A study by Cisco has predicted that by 2019 online video will account for four-fifths of the world's Internet traffic. People are using low-cost devices such as Google's Chromecast to stream online content from their laptop, phone or tablet to their television.

For €140 or so, you can go into a shop and buy an Android “TV box”, a device that hovers ambiguously between legality and illegality with promises of “a world of free content”, including new cinema releases and Premiership football matches.

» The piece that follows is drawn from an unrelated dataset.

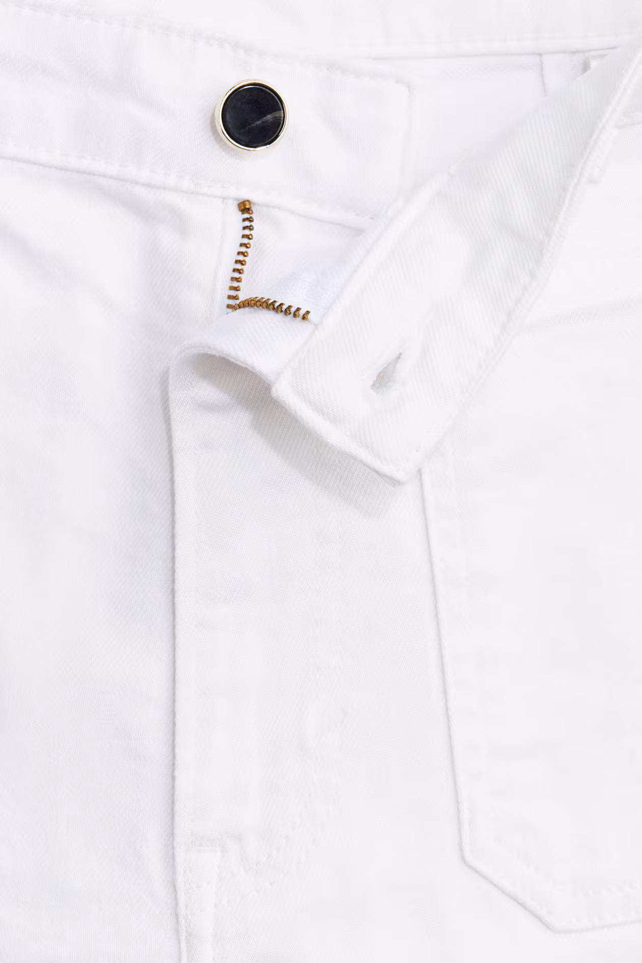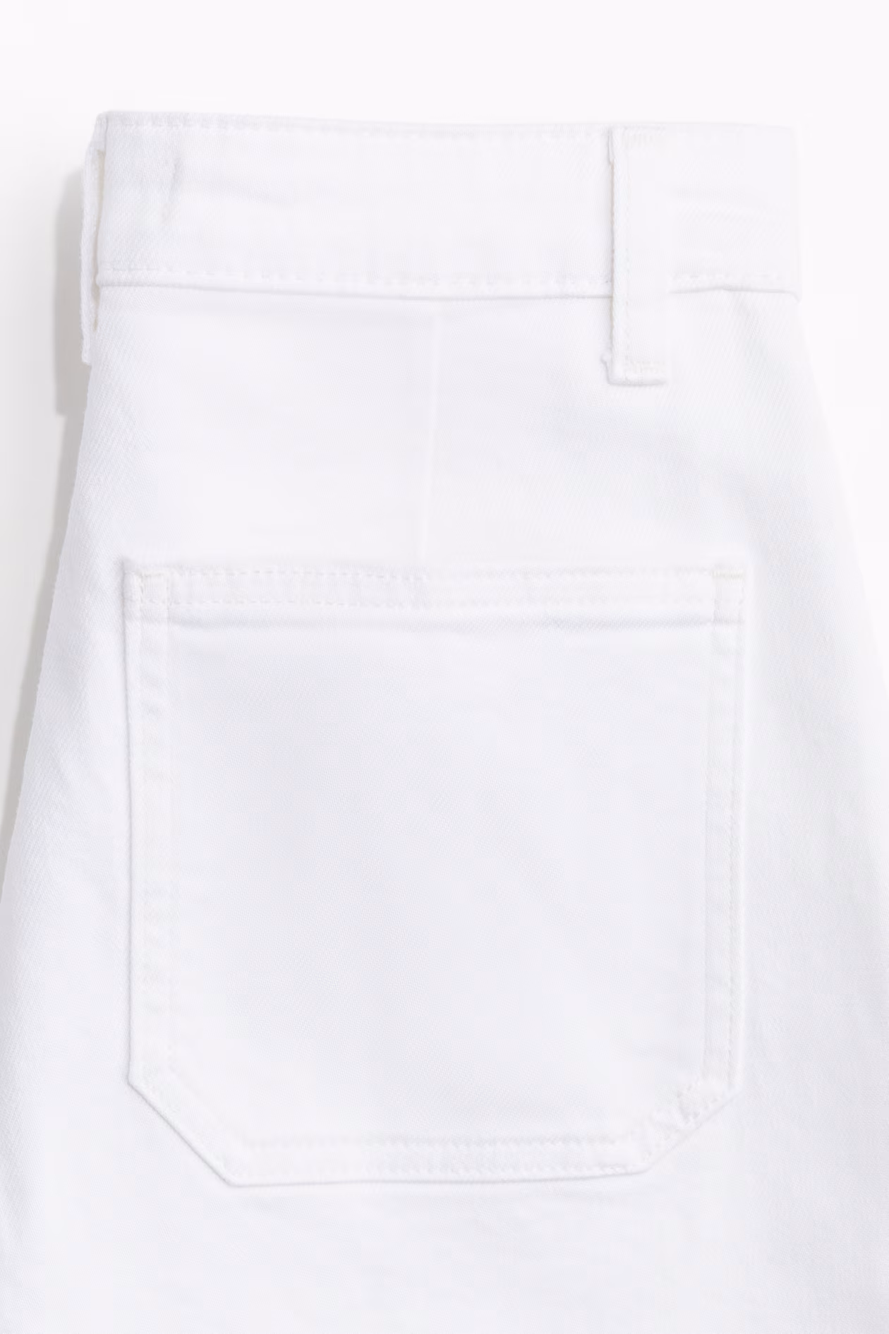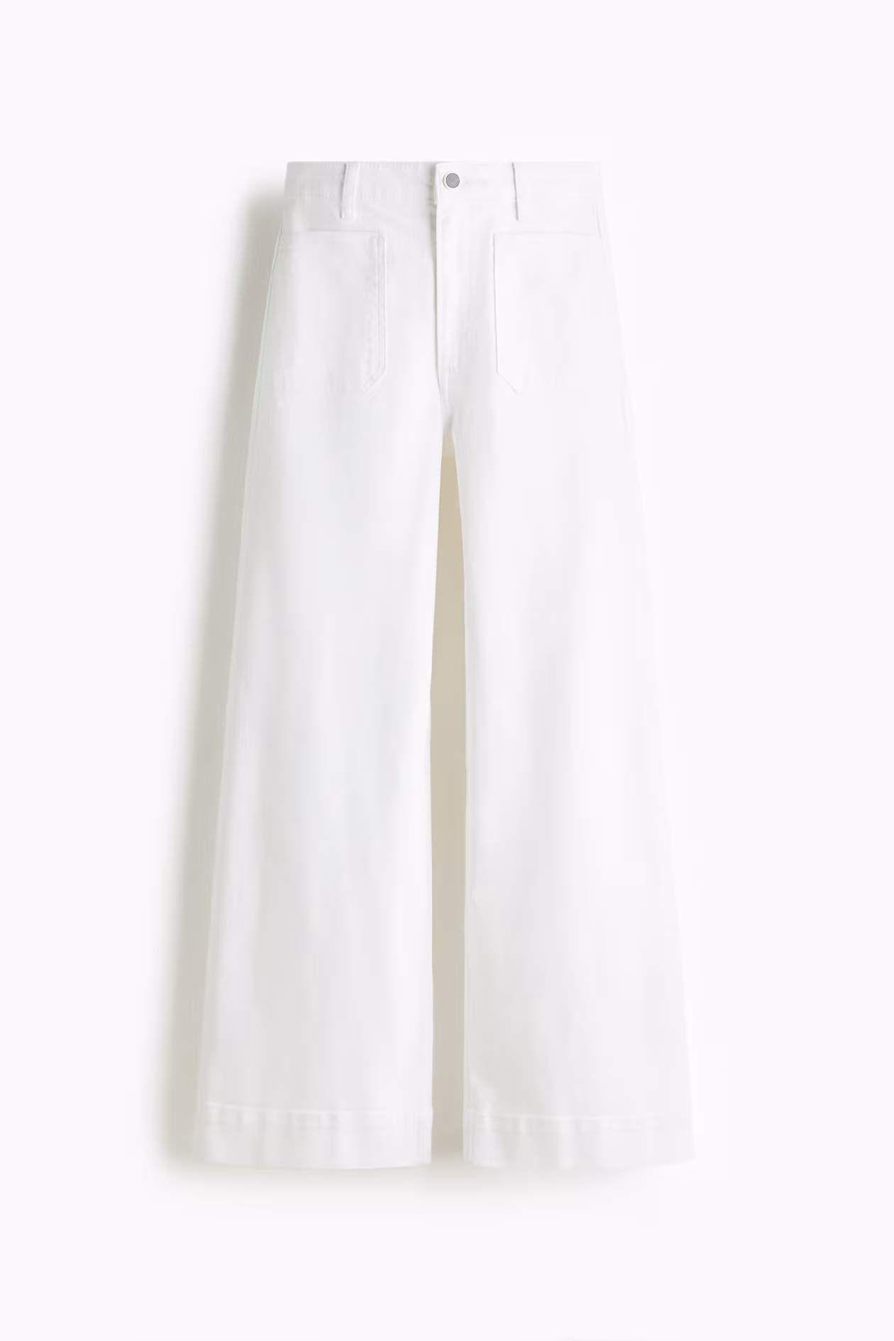 Jeans in cotton denim with gentle stretch for good comfort. Regular fit from waist to hip and wide cut from thigh to hem. High waist, zip fly with button, patch front pockets, and patch back pockets. Wide, regular-length legs, designed to fall at top of foot with little or no stacking. A denim statement that goes the distance.

While broadcasters point out that the majority of television watching is still being done the old-fashioned way, all these factors – the battles between telecommunications companies, the rise of the new US content providers, the disruptive impact of a new generation of YouTube producers who bypass traditional channels, and the seemingly unstoppable availability of copyrighted content by illegal or quasi-legal means – indicate that television and video as we used to know them are changing in front of our eyes.

Business model

Could Xtra-vision ever have hoped to reinvent itself, as Netflix did, as a digital distribution company? It seems unlikely. The company was too rooted in its original business model to be capable of the open-heart surgery that would have been required.

The question now arises as to whether traditionally structured broadcasters and film distributors will be able to meet that same challenge, of competing in an era where audiences expect all kinds of content immediately, and whenever and wherever they want it.